The Golden Generation Why China’s super-rich send their children abroad.

On a crisp Sunday morning in November, Weymi Cho picked me up at my hotel, in downtown Vancouver, in her new car, a white Maserati GranTurismo with a red leather interior. She had slept only two hours the night before. A new karaoke machine had been installed in her apartment, a four-million-dollar condo with a view of the city’s harbor, and she and some friends had spent the night singing and drinking Veuve Clicquot. Weymi is twenty years old and slim, with large eyes and waist-length hair that cascaded, on this occasion, over a silk Dior blouse. She has a reserved, almost aristocratic air. It was a little past ten, and we were going shopping.

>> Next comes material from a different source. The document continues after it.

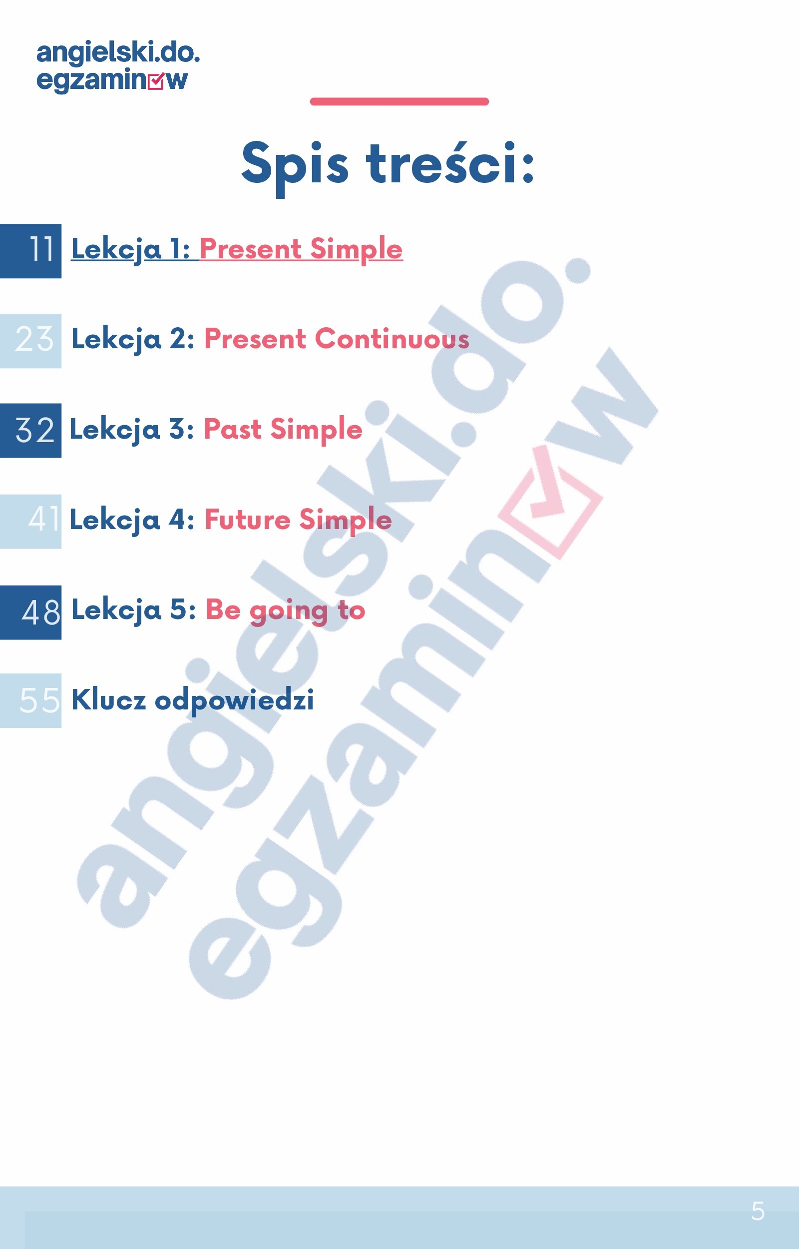 Ebook “5 Czasów na Zdany Egazamin. Matura Podstawowa / E8”, to materiał, dzięki któremu dokładnie krok po kroku poznasz i zaczniesz z łatwością używać podstawowe struktury gramatyczne: Present Simple, Present Continuous, Past Simple, Future Simple (will), Konstrukcja “Be going to”.
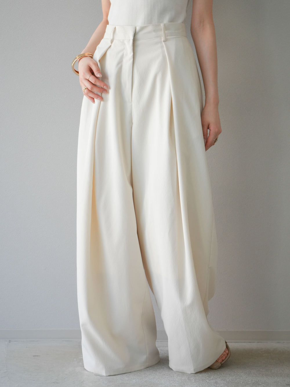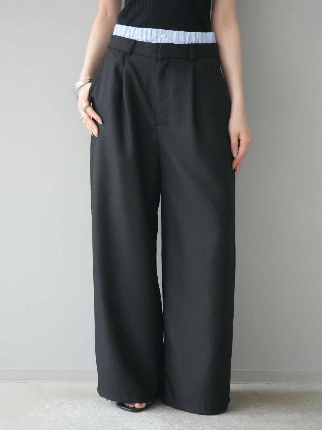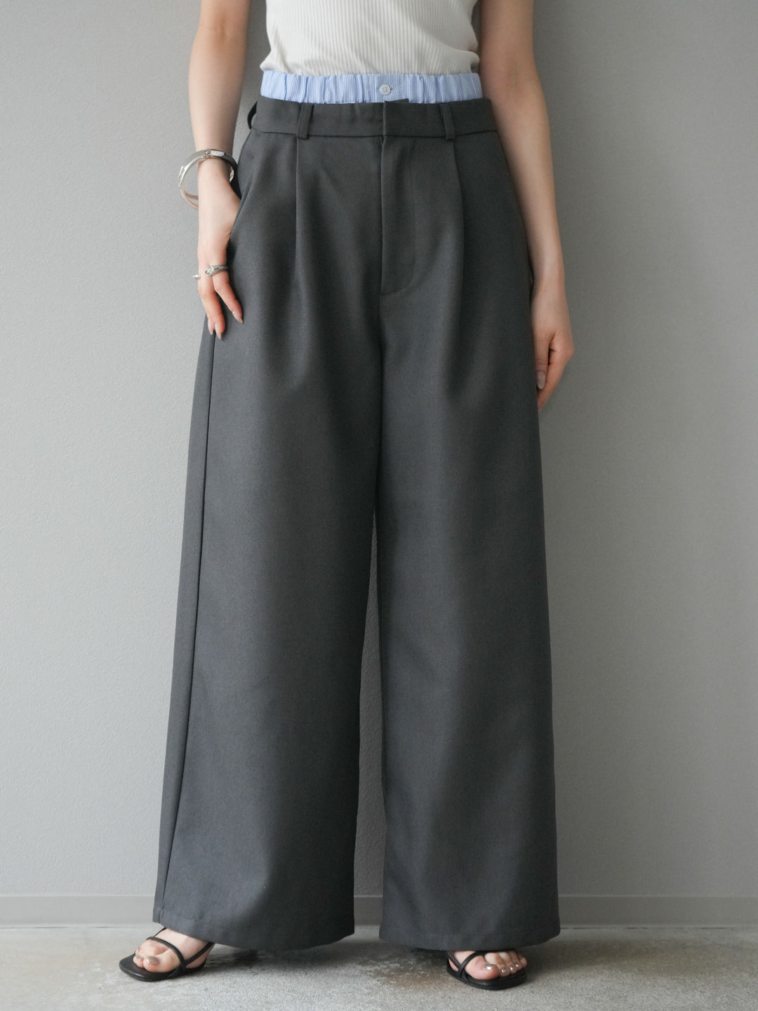 [予約]モチーフベルト付スエードタックワイドパンツ/black

Holt Renfrew, Vancouver’s equivalent of Barneys, is one of Weymi’s customary weekend haunts, though she is aware of its limitations. “It doesn’t compare to Vegas, where there is obviously a better selection,” she explained as we drove there. Weymi speaks English with a subtle but noticeable accent, and was relieved when I switched to Mandarin. Her speech was punctuated by European brand names, which functioned as a kind of currency. A maid’s monthly wages, she said, were probably the price of a pair of Roger Vivier satin pumps. A night out can cost half a suède Birkin bag. On Weymi’s last birthday, in March, she’d spent more than two Fendi totes—around four thousand dollars—on drinks in less than an hour.